Task data
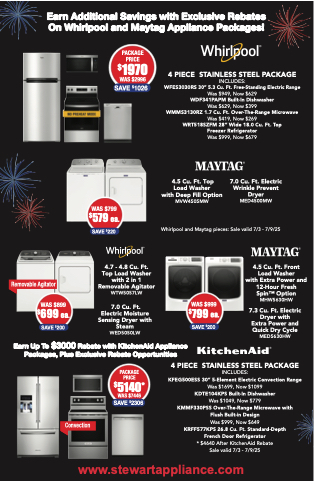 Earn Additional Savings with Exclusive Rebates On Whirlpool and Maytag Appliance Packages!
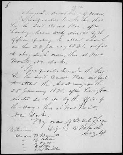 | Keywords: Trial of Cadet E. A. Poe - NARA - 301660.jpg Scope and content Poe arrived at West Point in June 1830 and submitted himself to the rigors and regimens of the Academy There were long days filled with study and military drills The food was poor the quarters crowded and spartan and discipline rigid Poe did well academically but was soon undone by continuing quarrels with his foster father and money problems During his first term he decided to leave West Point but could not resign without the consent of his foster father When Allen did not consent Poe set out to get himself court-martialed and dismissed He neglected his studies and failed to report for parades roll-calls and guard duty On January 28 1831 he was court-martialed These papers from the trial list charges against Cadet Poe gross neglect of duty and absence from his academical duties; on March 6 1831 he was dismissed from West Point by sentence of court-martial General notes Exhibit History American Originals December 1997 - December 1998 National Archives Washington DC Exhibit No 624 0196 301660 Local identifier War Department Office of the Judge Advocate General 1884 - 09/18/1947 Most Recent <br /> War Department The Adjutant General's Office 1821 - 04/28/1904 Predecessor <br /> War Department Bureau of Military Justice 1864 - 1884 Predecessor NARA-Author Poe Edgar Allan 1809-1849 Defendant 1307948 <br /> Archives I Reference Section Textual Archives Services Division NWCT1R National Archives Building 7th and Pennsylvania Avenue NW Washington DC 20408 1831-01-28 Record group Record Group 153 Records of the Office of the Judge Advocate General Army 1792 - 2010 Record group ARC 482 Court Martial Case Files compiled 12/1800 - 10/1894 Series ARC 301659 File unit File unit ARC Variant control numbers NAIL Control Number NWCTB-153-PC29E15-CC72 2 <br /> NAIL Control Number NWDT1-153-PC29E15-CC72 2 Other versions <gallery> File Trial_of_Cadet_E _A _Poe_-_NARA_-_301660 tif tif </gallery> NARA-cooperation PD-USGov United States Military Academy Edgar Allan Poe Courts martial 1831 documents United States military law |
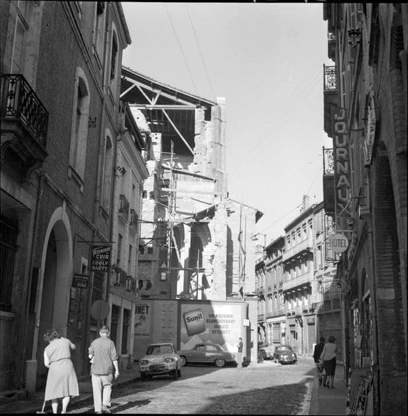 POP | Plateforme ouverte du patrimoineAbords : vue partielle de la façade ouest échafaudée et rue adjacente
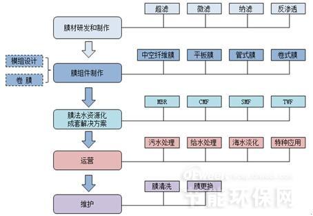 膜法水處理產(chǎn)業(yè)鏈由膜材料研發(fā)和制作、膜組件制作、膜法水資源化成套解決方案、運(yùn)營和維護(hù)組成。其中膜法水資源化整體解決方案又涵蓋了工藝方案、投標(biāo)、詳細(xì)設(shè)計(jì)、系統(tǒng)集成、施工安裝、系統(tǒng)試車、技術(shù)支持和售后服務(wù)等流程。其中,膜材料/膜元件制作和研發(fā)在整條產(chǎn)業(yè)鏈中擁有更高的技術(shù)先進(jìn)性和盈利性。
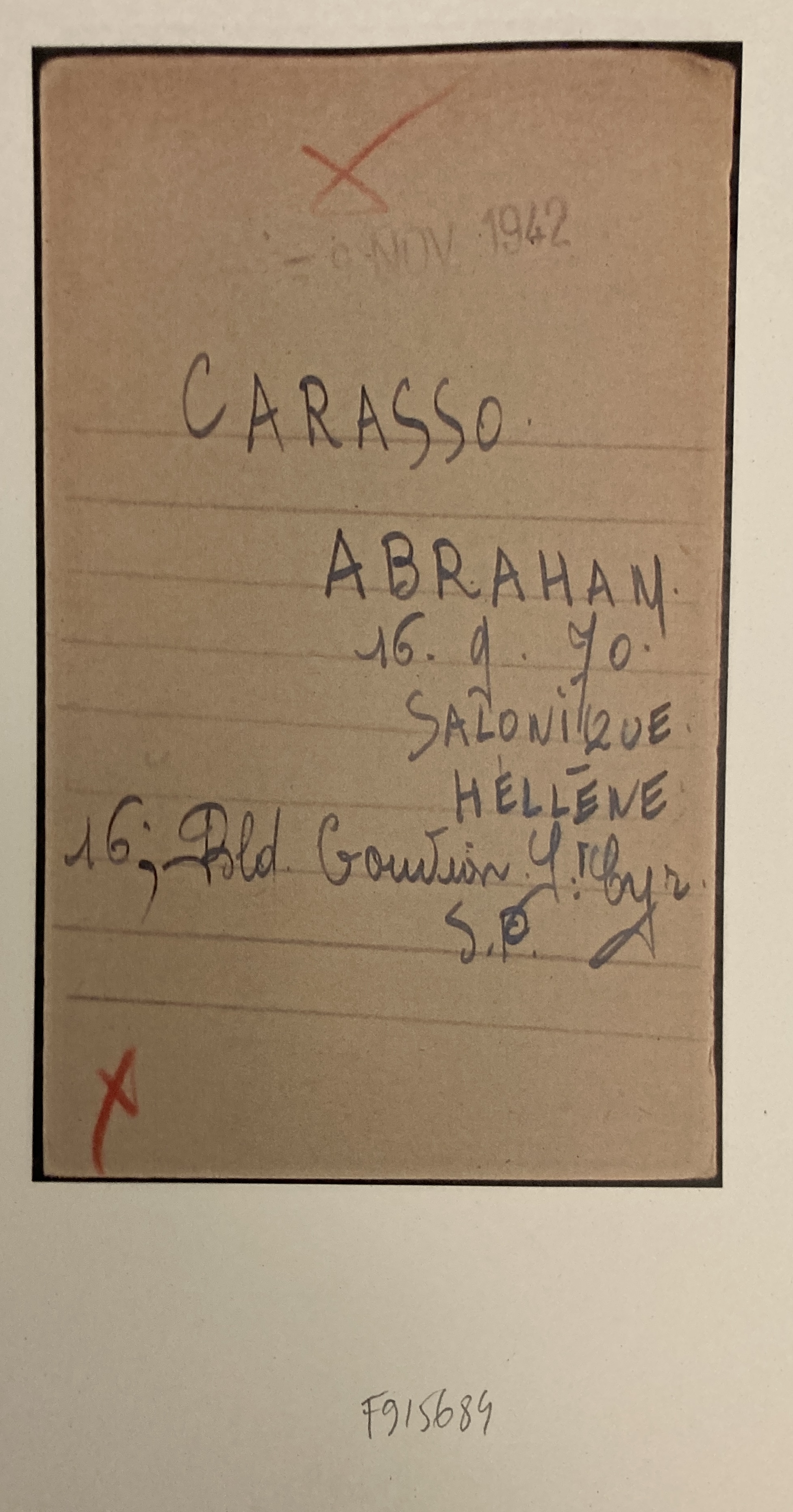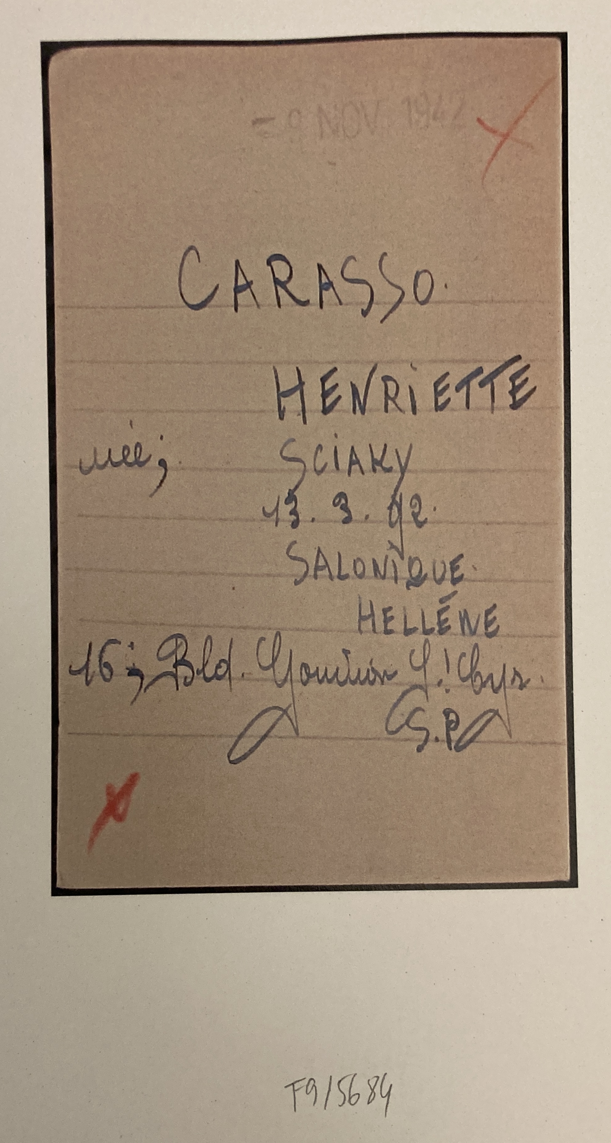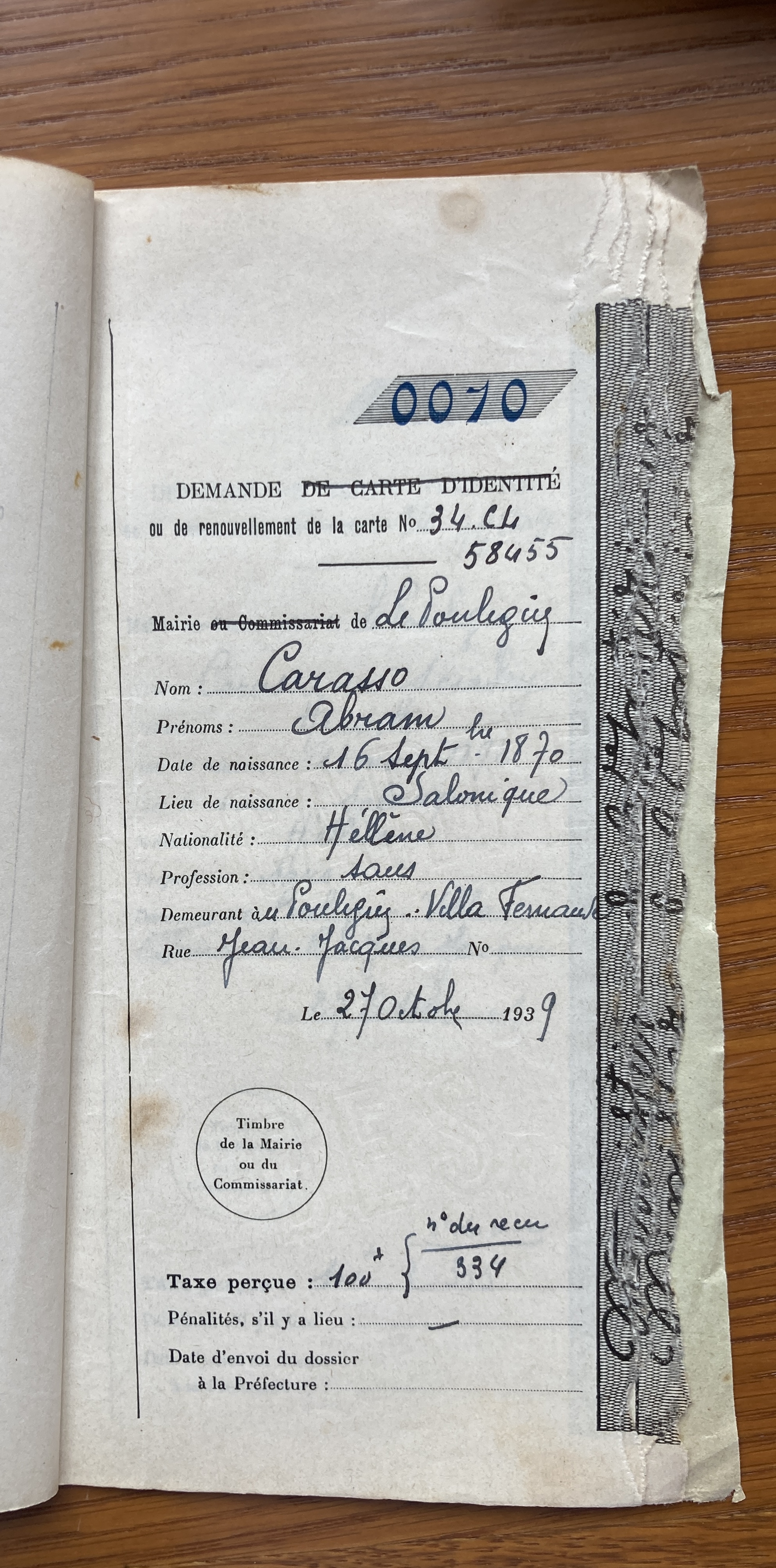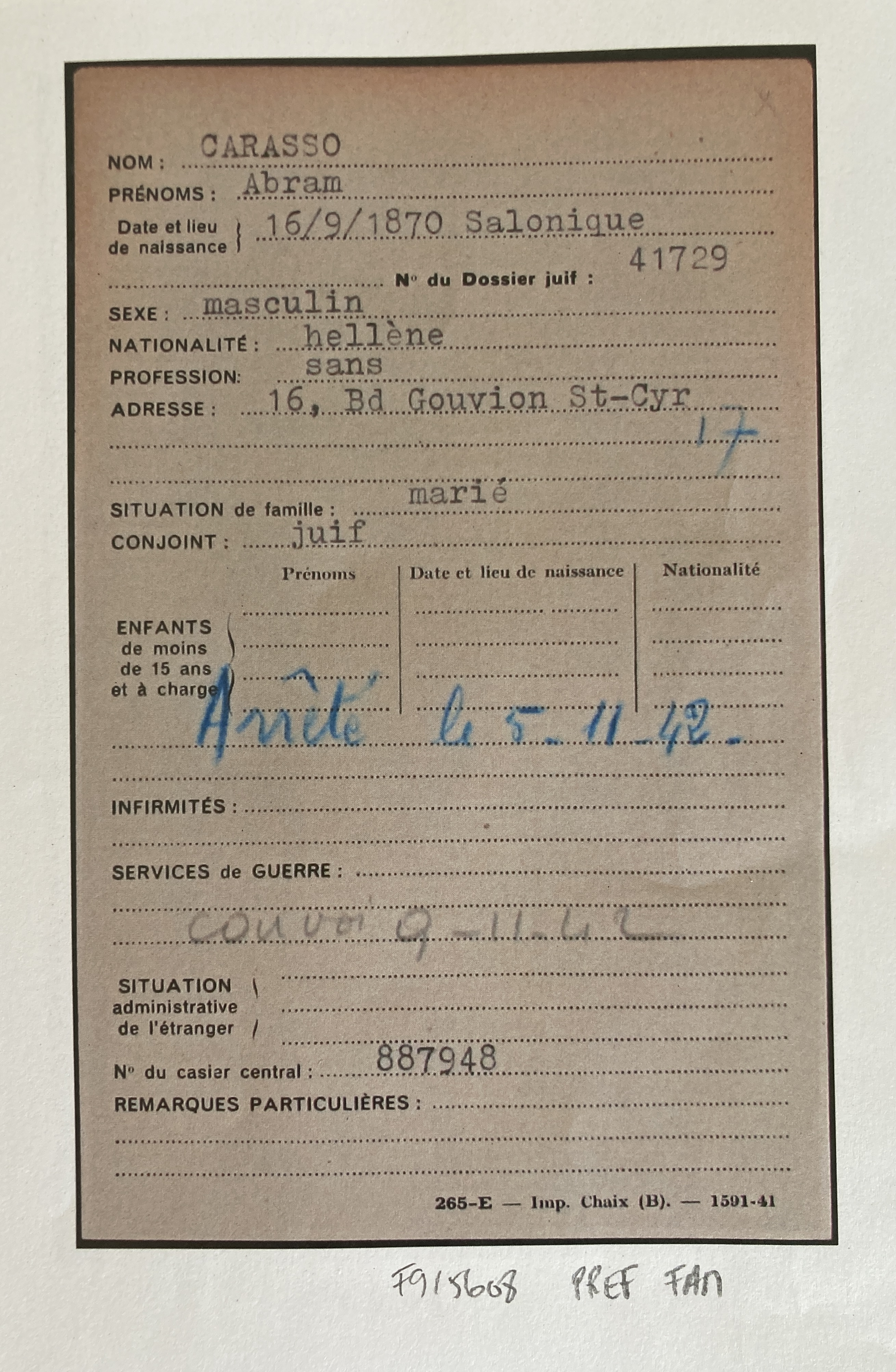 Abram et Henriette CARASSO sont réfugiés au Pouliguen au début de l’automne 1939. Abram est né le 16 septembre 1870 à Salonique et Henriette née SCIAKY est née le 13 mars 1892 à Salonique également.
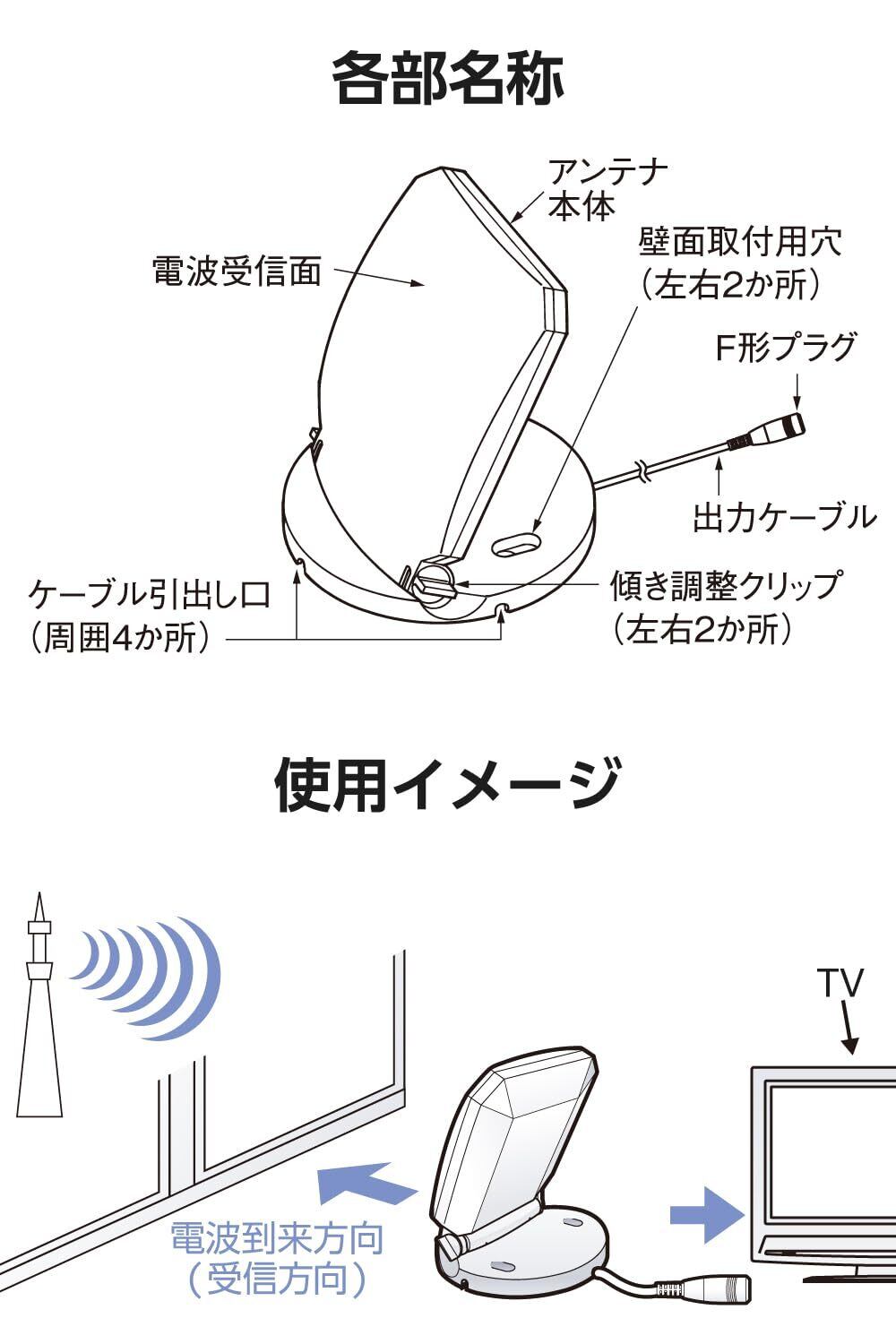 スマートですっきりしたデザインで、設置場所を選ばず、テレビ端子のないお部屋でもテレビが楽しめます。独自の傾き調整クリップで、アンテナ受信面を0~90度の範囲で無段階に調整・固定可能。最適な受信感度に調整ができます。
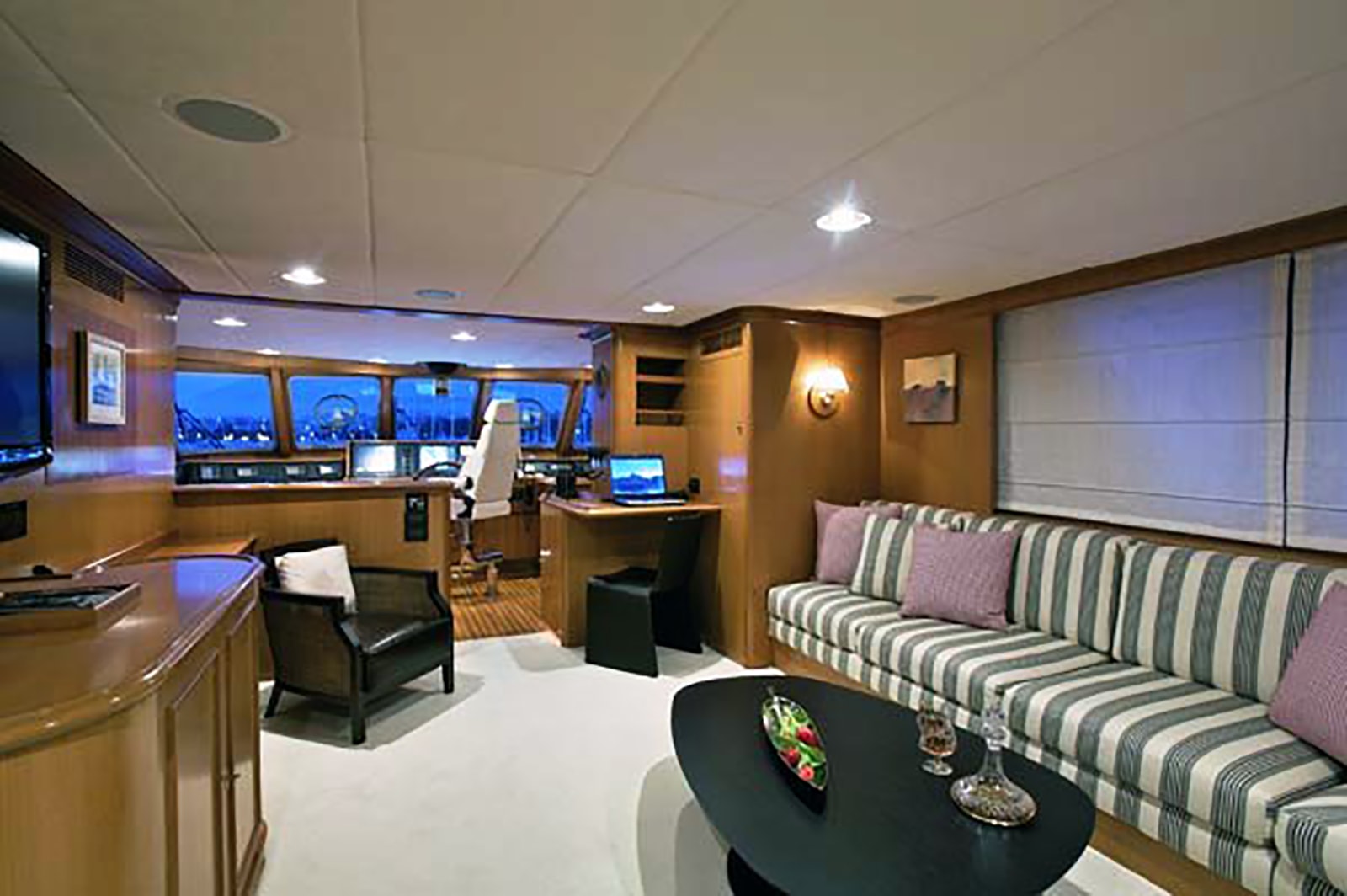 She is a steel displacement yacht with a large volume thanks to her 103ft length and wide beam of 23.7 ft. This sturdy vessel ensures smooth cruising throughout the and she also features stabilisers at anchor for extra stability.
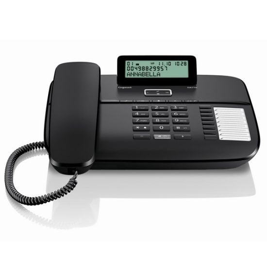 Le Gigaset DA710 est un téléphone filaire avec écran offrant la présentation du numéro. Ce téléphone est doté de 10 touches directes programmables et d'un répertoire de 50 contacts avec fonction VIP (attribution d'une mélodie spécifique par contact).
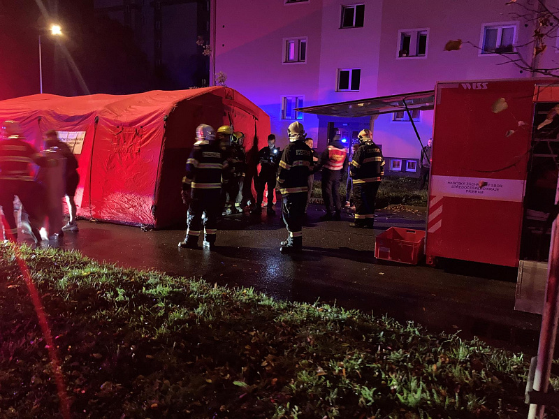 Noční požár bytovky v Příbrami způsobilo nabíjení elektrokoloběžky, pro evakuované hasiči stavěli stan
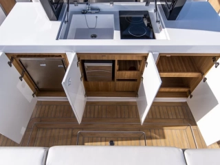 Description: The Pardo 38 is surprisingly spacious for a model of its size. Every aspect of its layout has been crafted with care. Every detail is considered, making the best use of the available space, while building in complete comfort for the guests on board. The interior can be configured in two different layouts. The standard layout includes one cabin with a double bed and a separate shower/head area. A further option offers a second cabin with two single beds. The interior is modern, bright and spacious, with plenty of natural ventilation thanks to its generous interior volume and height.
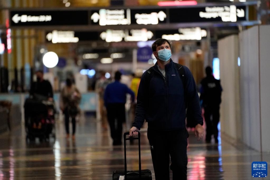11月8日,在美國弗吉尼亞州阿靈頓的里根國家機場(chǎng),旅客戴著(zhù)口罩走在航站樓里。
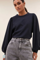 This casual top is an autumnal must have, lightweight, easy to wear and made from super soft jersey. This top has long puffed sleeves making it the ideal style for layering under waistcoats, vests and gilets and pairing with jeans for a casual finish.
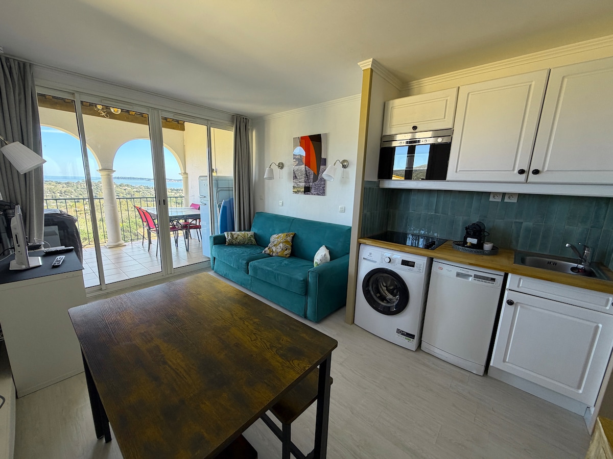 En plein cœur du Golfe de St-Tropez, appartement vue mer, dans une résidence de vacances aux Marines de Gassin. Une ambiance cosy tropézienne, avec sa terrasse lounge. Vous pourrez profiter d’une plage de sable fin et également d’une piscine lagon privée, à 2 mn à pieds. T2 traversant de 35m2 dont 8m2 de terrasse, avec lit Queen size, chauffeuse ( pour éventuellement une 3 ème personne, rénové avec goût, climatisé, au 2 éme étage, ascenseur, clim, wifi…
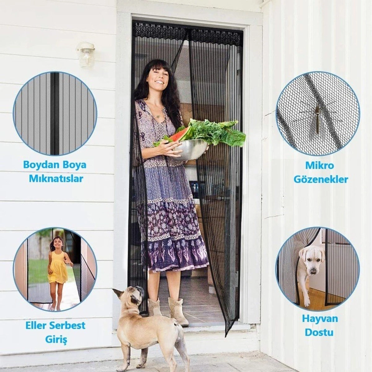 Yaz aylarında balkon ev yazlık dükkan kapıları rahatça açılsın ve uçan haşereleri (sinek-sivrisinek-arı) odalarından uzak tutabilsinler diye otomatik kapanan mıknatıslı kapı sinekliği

Description of the task
Range to print from the listing above: from the line with "Description: The Pardo" up to and including the line with "11月8日,在美國弗吉尼亞州". Please print those lines exactly, with no pictures and nothing more.

Solved problem
 Description: The Pardo 38 is surprisingly spacious for a model of its size. Every aspect of its layout has been crafted with care. Every detail is considered, making the best use of the available space, while building in complete comfort for the guests on board. The interior can be configured in two different layouts. The standard layout includes one cabin with a double bed and a separate shower/head area. A further option offers a second cabin with two single beds. The interior is modern, bright and spacious, with plenty of natural ventilation thanks to its generous interior volume and height.
11月8日,在美國弗吉尼亞州阿靈頓的里根國家機場(chǎng),旅客戴著(zhù)口罩走在航站樓里。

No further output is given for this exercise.